▶ Task material
"""

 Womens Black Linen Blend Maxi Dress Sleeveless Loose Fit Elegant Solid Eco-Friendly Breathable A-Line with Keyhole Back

"""
"""

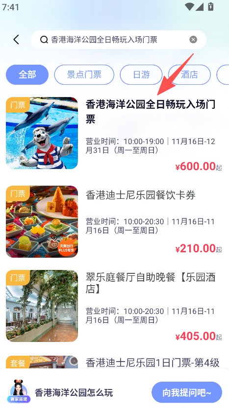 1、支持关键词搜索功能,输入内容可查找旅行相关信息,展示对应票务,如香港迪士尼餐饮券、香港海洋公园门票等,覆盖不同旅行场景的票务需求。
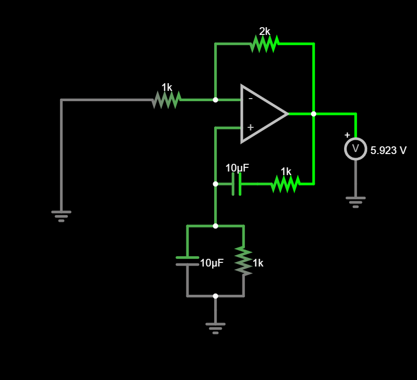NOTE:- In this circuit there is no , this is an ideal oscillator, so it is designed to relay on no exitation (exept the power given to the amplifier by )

"""
"""

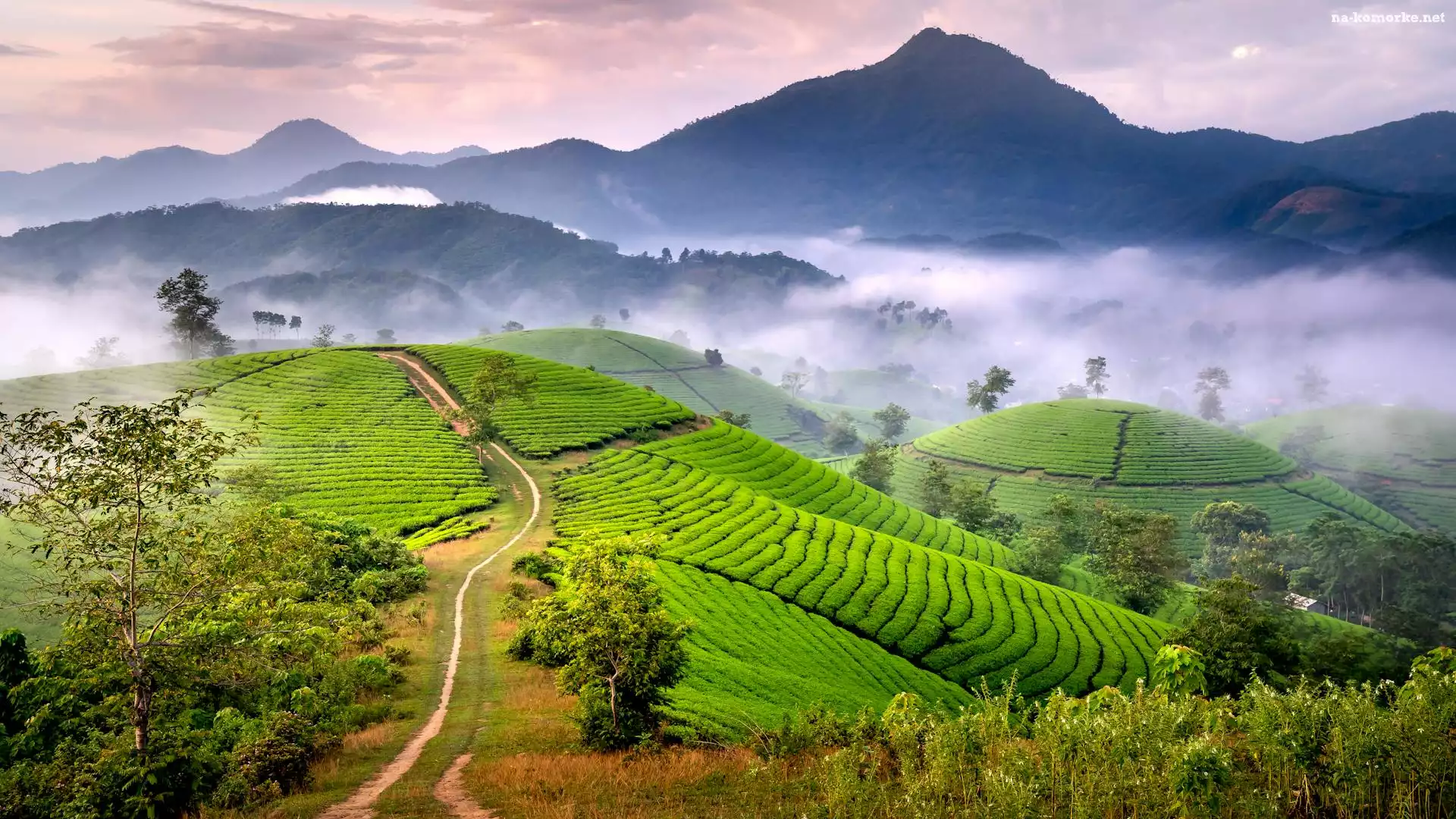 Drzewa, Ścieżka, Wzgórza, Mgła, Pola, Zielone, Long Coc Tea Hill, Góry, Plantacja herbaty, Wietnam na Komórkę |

"""

▶ Exercise description
Although pictures appear among the entries, please set down only the lines from the one with "1、支持关键词搜索功能,输入" up to and including the one with "NOTE:- In this", word for word.

▶ Output
 1、支持关键词搜索功能,输入内容可查找旅行相关信息,展示对应票务,如香港迪士尼餐饮券、香港海洋公园门票等,覆盖不同旅行场景的票务需求。
NOTE:- In this circuit there is no , this is an ideal oscillator, so it is designed to relay on no exitation (exept the power given to the amplifier by )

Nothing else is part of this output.